**What the task requires**
Each line below from the "①.廣場磚源自行業嚴格的選料" line through the "n The start" line, those two included, must be restated word for word; the pictures must not be.

**Source material**
════════════════════

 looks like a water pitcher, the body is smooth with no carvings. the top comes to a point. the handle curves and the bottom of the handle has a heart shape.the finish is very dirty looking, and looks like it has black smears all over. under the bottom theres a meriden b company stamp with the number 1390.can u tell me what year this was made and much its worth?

════════════════════

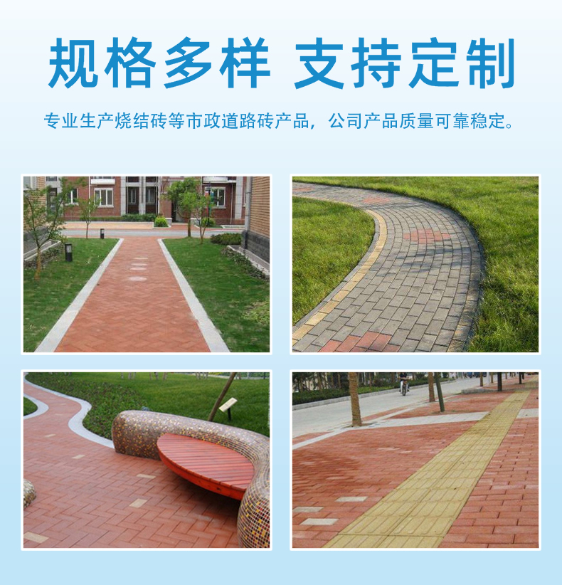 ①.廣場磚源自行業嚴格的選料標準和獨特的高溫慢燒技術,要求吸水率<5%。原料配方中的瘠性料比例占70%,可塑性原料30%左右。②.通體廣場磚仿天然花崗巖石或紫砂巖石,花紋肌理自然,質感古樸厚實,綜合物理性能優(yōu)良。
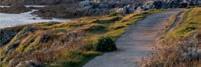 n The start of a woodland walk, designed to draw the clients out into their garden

════════════════════

**Answer section**
 ①.廣場磚源自行業嚴格的選料標準和獨特的高溫慢燒技術,要求吸水率<5%。原料配方中的瘠性料比例占70%,可塑性原料30%左右。②.通體廣場磚仿天然花崗巖石或紫砂巖石,花紋肌理自然,質感古樸厚實,綜合物理性能優(yōu)良。
 n The start of a woodland walk, designed to draw the clients out into their garden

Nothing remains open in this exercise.